Source:Biomaterials, Volume 177
Author(s): Yang Zhu, Yasumoto Matsumura, Murugesan Velayutham, Lesley M. Foley, T. Kevin Hitchens, William R. Wagner
Tissue damage and the impairment of regenerative processes by excessive reactive oxygen species (ROS) contributes to the pathogenesis of various diseases in soft tissues including diabetes, atherosclerosis, Parkinson's disease and myocardial ischemic/reperfusion injury. In this study, a thermally responsive injectable hydrogel poly(NIPAAm-co-VP-co-MAPLA-co-MATEMPO) (pNVMT, NIPAAm: N-isopropylacrylamide, VP: vinylpyrrolidone, MAPLA: methacrylate-polylactide, MATEMPO: methacrylate-TEMPO, TEMPO: 4-amino-TEMPO or 4-Amino-2,2,6,6-tetramethylpiperidine-1-oxyl) incorporating recyclable ROS scavenging nitroxide radicals on the polymer backbone was developed to locally control adverse tissue effects from free radical generation. In an in vitro oxidative environment, TEMPO Gel significantly preserved cell viability.

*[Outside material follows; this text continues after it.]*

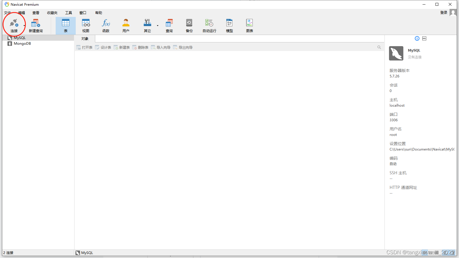 此时已经可以进行数据库的连接了,这里使用Navicat Premium 15 作为连接工具
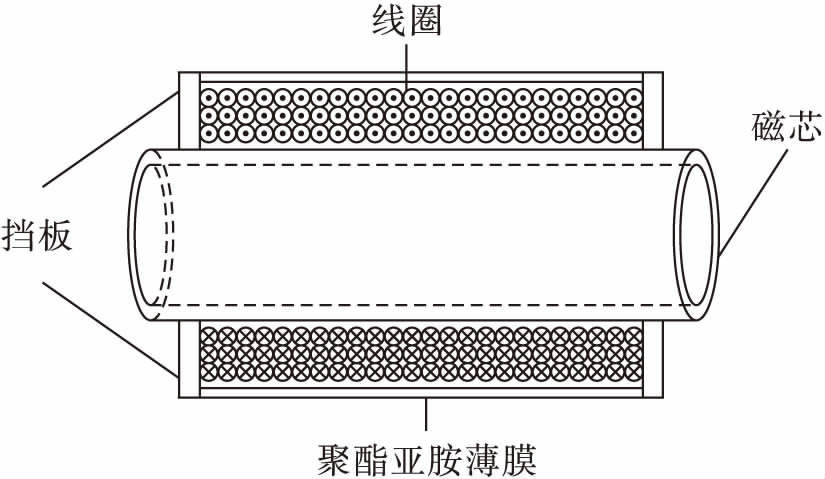 为提高发射线圈产生的磁场强度,采用漆包线缠绕磁芯形式构成发射线圈,其结构示意图如图5所示,聚酯亚胺薄膜用于绝缘和保护线圈.

In a rat myocardial infarction/reperfusion model, TEMPO Gel diffused through the infarcted myocardium, integrated with the tissue upon gelation, and remained for over one week as visualized by MRI. The TEMPO Gel reduced infarction/reperfusion injury and preserved left ventricle geometry. This thermally responsive hydrogel was demonstrated to have properties desirable for local application to soft tissue beds where oxidative damage by ROS is of concern in pathological mechanisms.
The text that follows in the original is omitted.